The reaction conditions for the synergistic conversion of fermentation with A. tubingensis and A. niger cellulase in a fermenter were optimized as follows: A. tubingensis was cultivated with an initial concentration of 20 g/L sucrose at 28°C for 48 h with continuous feeding of 11 g/L sucrose from 12 to 36 h and 1 g/L sucrose from 36 to 48 h in a fermenter. An AGE concentration of 40 g/L was continuously fed from 12 to 84 h, and 1.25 mg/mL A. niger cellulase was added to the fermentation broth at 48 h. After this time, the reaction was conducted at pH 4.5°C and 55°C for an additional 84 h. Under the optimized conditions, a total of 13.0 mM (8.07 g/L) CK was produced in 168 h with a molar yield of 80.6% and a productivity of 48.0 mg/L/h.

When 40 g/L AGE was used, Rd and F2 accumulated up to 3.5 mM and 9.2 mM at 72 h, respectively, and CK reached 12.0 mM at 144 h in the flask (Figure 2D), while Rd and F2 accumulated up to 5.4 mM and 7.4 mM at 48 h and 84 h, respectively, and CK reached 12.2 mM at 168 h in the fermenter (Figure 5C in the revised manuscript). The higher concentrations of accumulated Rd and F2 in the flask can be attributed to the difference AGE feeding methods. In the flask, 40 g/L AGE was added once at 60 h, while in the fermenter, 40 g/L AGE was continuously added from 12 to 84 h at a flow rate of 0.56 g/L/h.
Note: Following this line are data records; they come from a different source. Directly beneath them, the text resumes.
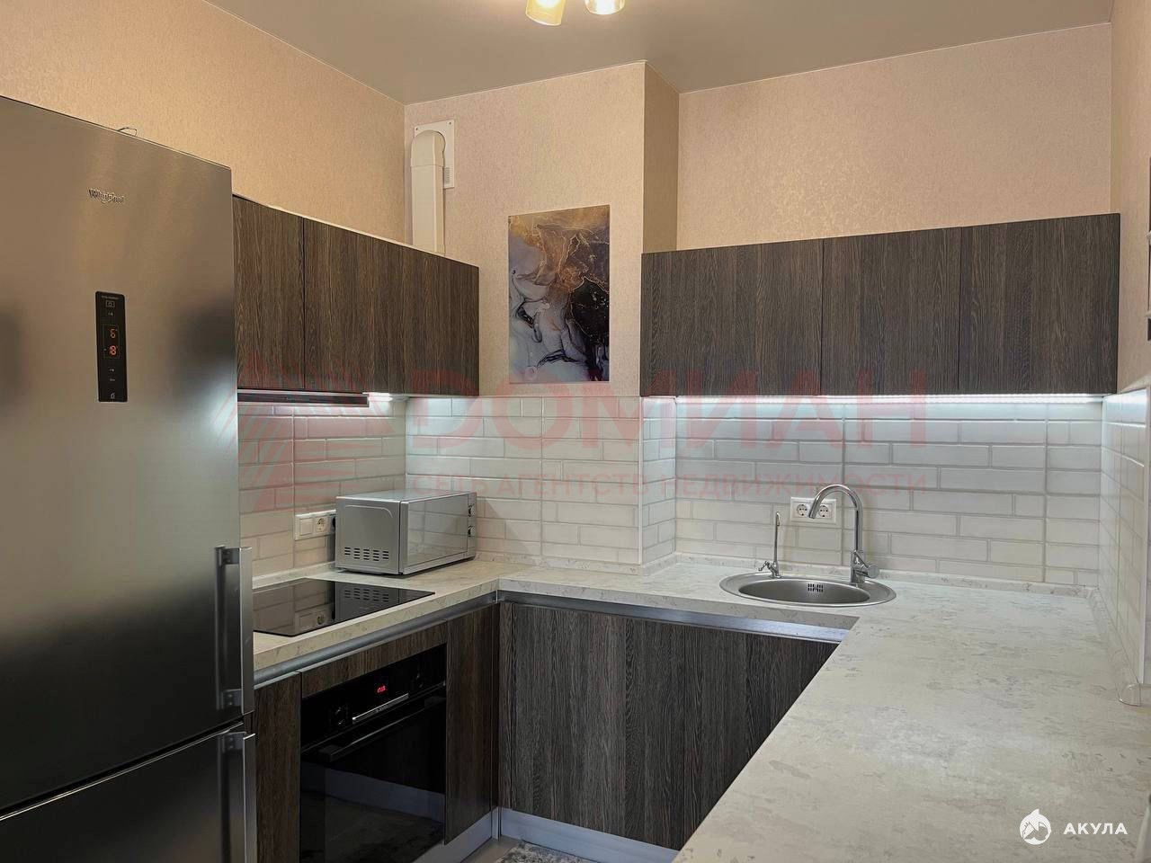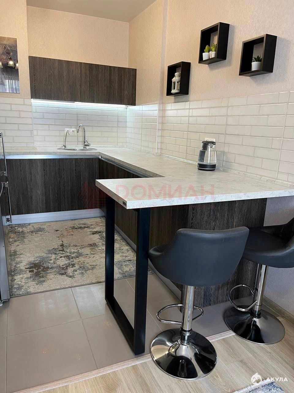 В квартире выполнен качественный ремонт. В кухне-гостиной установлена сплит-система, диван, качественный гарнитур укомплектованный всей необходимой мебелью и бытовой техникой. Выход на балкон из спальни, установлено освещение. В спальне установлен шкаф, двух-спальная кровать. Ванная комната совмещенная с с/у выложенная керамогранитом. В квартире напольное покрытие ламинат, в прихожей и в кухонной зоне керамогранит. Потолки натяжные. Дорогие обои. Качественная сантехника. Проводка качественная.
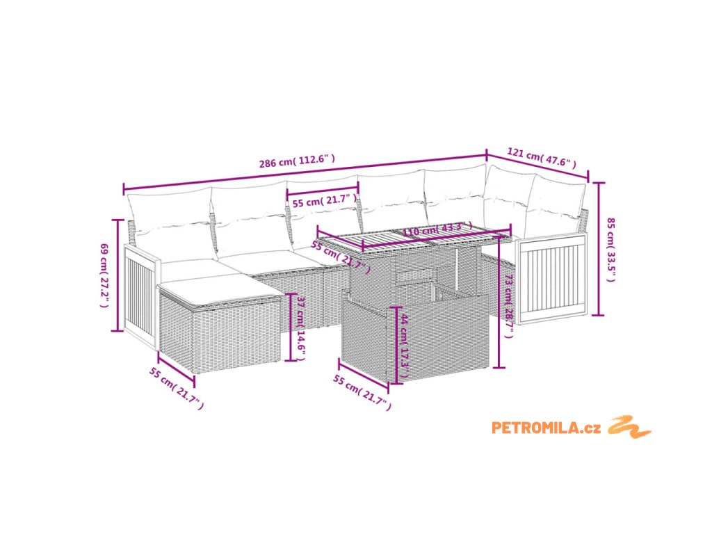 Sada zahradních pohovek s polštářem 7 pcs Hnědá Poly ratan
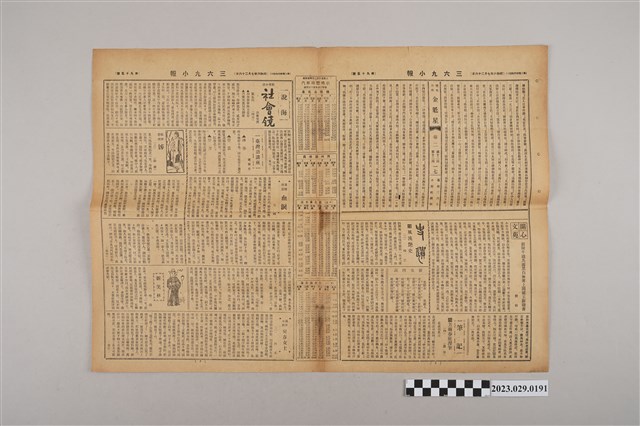 1.本物件為三六九小報社發行《三六九小報》第九十五號,發行人為趙雅福,正面為清水齒科醫院、蘭記圖書局、採芳線香商店等7個廣告;雜爼專欄「幸盦隨筆」、蒲溪雜拾等內容;翻開內頁有明史說部「金魁星」、史遺專欄「風流艷史(二)」,說海專欄社會小說「社會鏡第五回(四五)」、哀情短篇「血淚」等文章。2.《三六九小報》發行時間自昭和5年(1930)至昭和10年(1935),旨以刊登戲謔、針砭時事之文,反映當時的社會狀況。
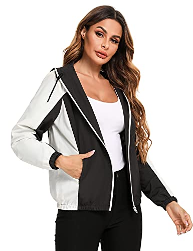 Irevial Giacca Impermeabile Donna, Antipioggia Giacca a Vento da Donna, Giacca con Cappuccio con Zip Donna, Cappotto Donna Leggera con Tasche per Escursioni, Viaggi, Nero+Bianco, M
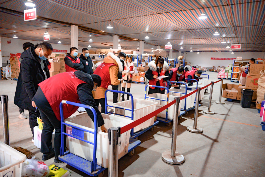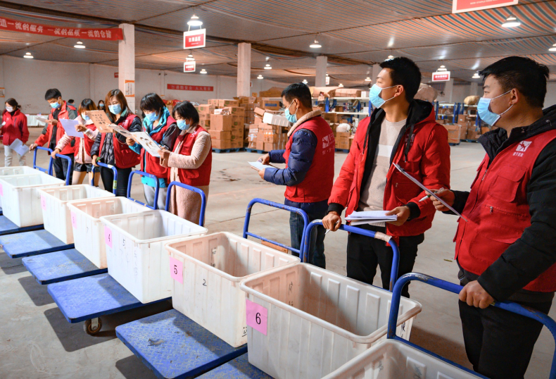 当天下单、当日送达,量子美食响应快、配送快的物流体系被行业认可,司机配货就是其中的重要一环。按照清单分区域、分品类快速配齐产品是司机们的必备技能,一辆辆飞驰的小车、一堆堆小山一样的货品,经由司机师傅的手分类码齐交接下一工序验货,现场的推车声、跑步声和大家的掌声充满了仓库。
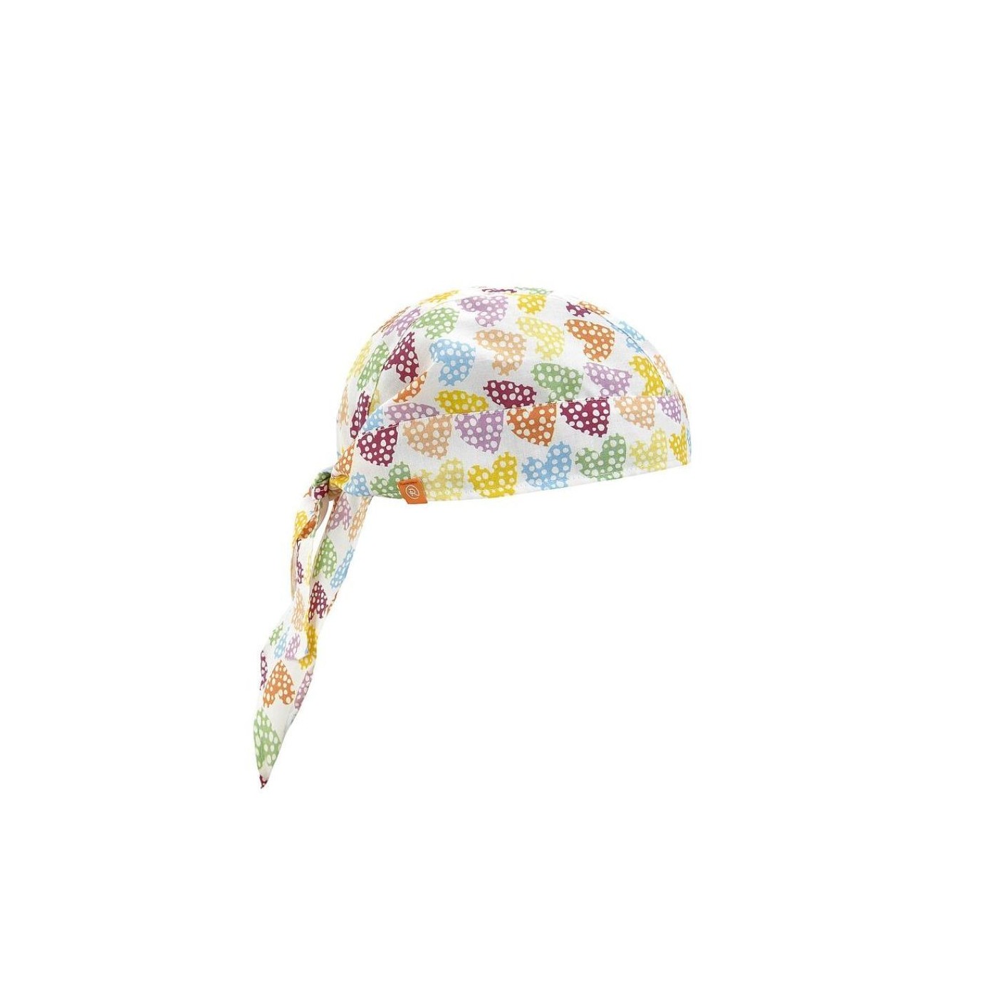 Bandana cocina con estampado de corazones, cierre con lazada en la nuca.
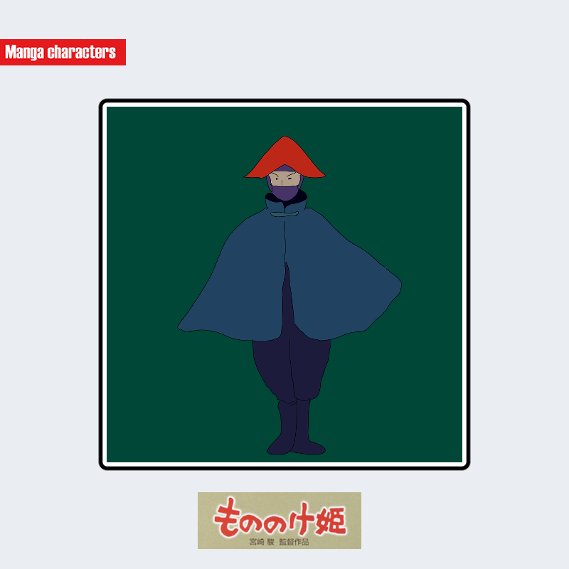 『もののけ姫』に登場するエボシ御前は、落ち着いた色調の衣装と端正な髪型を持つ女性キャラクターである。髪は黒髪を後方で一束にまとめ、額には短めの前髪を配した直線的な構造をしている。衣装は紫や紺を基調とした和装構造で、襟元には淡い色の着物を重ねた「和装融合型」に分類される。頭部には赤い頭巾を用いる場合もあり、場面により防具としての要素を持つことがある。全体として、静的で均整の取れた造形構成が特徴的である。
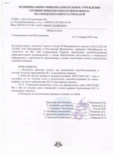 Отчет о результатах самообследования МОУСОШ №2 г. Буя 2020 г. (скачать) (посмотреть)
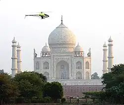Einer der Filmhelikopter vor dem indischen Taj Mahal
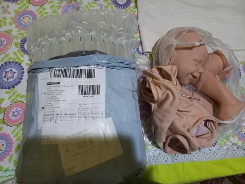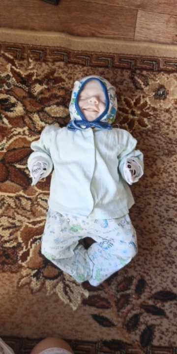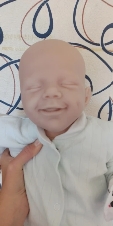 Описание точное. Товар пришел именно тот что на катринке. Доствка быстрая. В Магнитогорск около 15 дней. Брали как маникен для фотографирования вещей для новорожденных. Жена просто в восторге. Не воняет, на фото выглядит гораздо бледнее чем в реале, в реале цвет розоватый.

CK has been produced from the PPD-type ginsenosides in ginseng extracts by traditional fungal fermentation. CK production by traditional fermentation was compared with that achieved by synergistic conversion of fermentation with A. tubingensis and commercial cellulase (Table 3). The highest previously reported concentrations of CK achieved by fermentation with A. tubingensis were 2.47 g/L in a flask and 3.94 g/L in a fermenter (Song et al., 2023). In contrast, CK concentrations produced by fermentation using the same strain with the addition of the enzyme reached 7.45 g/L in a flask and 8.07 g/L CK in a fermenter, with productivities of 51.5 and 48.0 mg/L/h, respectively. These results represent increases of 3.0- and 4.0-fold in the flask and 2.0- and 3.6-fold in the fermenter, respectively, compared to those achieved by fermentation without enzyme addition. Additionally, the PPD-type ginsenosides in AGE were completely converted to 4.03 g/L CK in 144 h using the combined method, with a productivity of 27.8 mg/L/h. These values were 2.1-fold higher than those obtained from fermentation using the same strain (Song et al., 2023).

Paecilomyces bainier exhibited the highest previously reported CK concentration (1.25 g/L) and productivity (8.6 mg/L/h) using another fungal strain (Zhou et al., 2008), which were 6.5- and 5.6-fold lower than those achieved with the combined method, respectively. These findings indicate that the combination of A. tubingensis fermentation and A. niger cellulase conversion is an effective strategy to enhance the biotransformation of PPD-type ginsenosides into CK.